L'éclair.   (vers 1929-1930)

L'éclair.   (vers 1929-1930)

Ce sont les grandes vacances à Marie chez ma grand-mère avec maman, ma tante Louise, ma sœur Josette, ma cousine Anna et moi. Je dois avoir sept ou huit ans. Nous habitons la vieille maison du « Portal », plus que rustique. La cuisine donne de plein pied sur la rue, elle est pavée de grosses dalles de pierres lisses, la paillasse sous la fenêtre, quelques étagères décorées de papier découpé en dentelle, une table bien sûr et des chaises de paille,un vieux poêle en fonte à trois pieds, une seule lampe au milieu du plafond car le village a une convention à durée limitée avec l'usine du Bancairon qui nous fournit en électricité pour pas cher mais chacun n'a droit qu'à une lampe par pièce. Au fond à droite, une dépendance à claire-voie que nous appelons le magasin car autrefois ma grand-mère y avait ouvert un commerce, reçoit sur ses larges étagères tout ce dont nous avons besoin. J'oubliais de dire qu'en fait de décoration, pendent accrochées à la lampe, deux guirlandes de papier collant sur lequel viennent s'agglutiner les mouches. Les rues parcourues sans cesse par des animaux en est la cause.
         
Il fait beau . Tata Louise a emprunté un âne et est partie faire la provision de bois à Rouvès, une campagne éloignée, limitrophe avec Clans.
        
Tout d'un coup un de ces orages d’août d'une violence inouïe éclate. Et tata Louise se trouve sur un chemin escarpé avec un âne sous un déluge !
       
Grand-mère allume une bougie bénite, nous fait mettre à genoux en rond autour de la bougie et nous récitons les prières.
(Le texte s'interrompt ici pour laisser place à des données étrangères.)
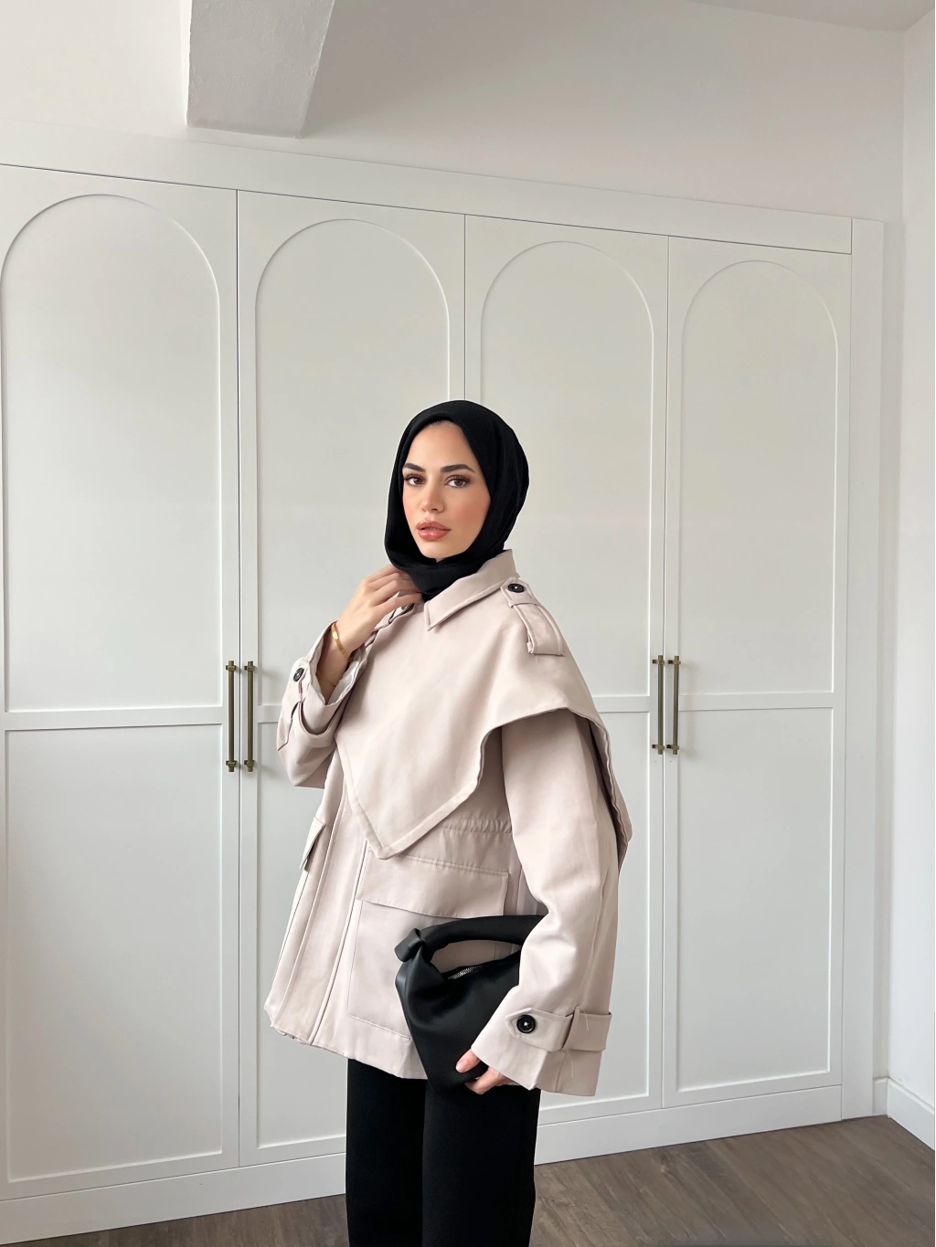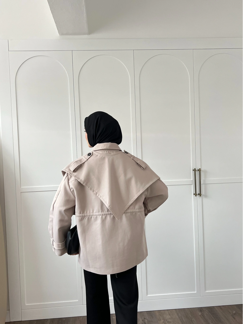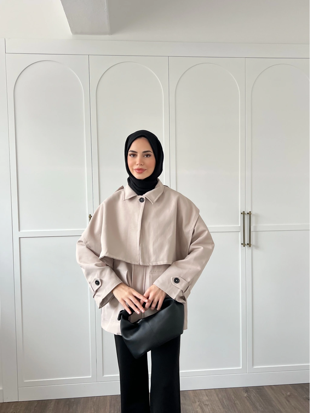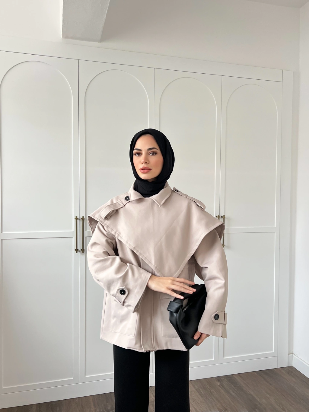 Gömlek Detaylı 3 İplik Sweat - Krem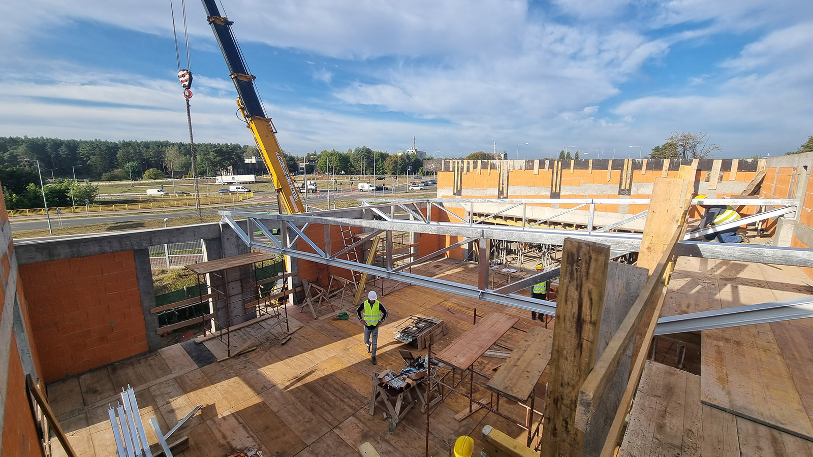 Konstrukcja budynku słupowo-ryglowa. Dźwigary stalowe na słupach żelbetonowych o wysokości 8,50 m. Konstrukcja dachu stężona układem rozpór.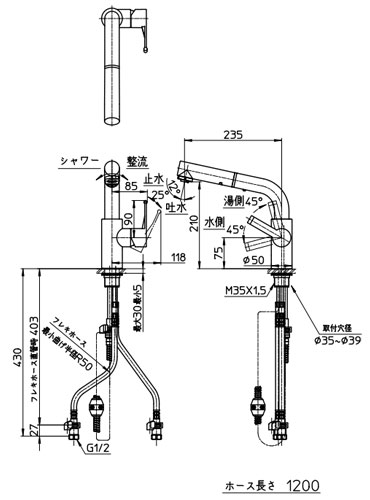 ・ホース引出し長さ:1.2m

Tout d'un coup pendant que nous débitons nos «Je vous salue » et nos « Notre père », nous sommes entourées par un fulgurant cercle de feu, un éclair zigzague autour de nous à la vitesse de « l'éclair » puis repart. Il est arrivé par la cheminée, puis le poêle et est reparti par le même chemin . Un jeune Ciamous qui regardait devant sa porte a vu toute la scène. Est-ce un miracle de la Vierge de Marie que nous prions ou tout simplement ce bon vieux trèfle en fonte qui a servi de paratonnerre ? Toujours est-il que toutes les cinq, nous sommes commotionnées, pétrifiées, avec des sensations d'électricité dans le corps et n'arrivons pas à nous remettre de cette grande peur .
       Comme toujours, l'orage a enfin cessé, le beau temps est revenu et tata Louise aussi avec son âne chargé de bois. Elle est trempée, son chignon s'est défait, mais elle saine et sauve.

       Je nous revois tournant comme des folles autour de la grande table de la salle, recouverte de toile cirée à carreaux, en une ronde effrénée et sans fin. Nous avions besoin d'évacuer le stress après une telle épouvante.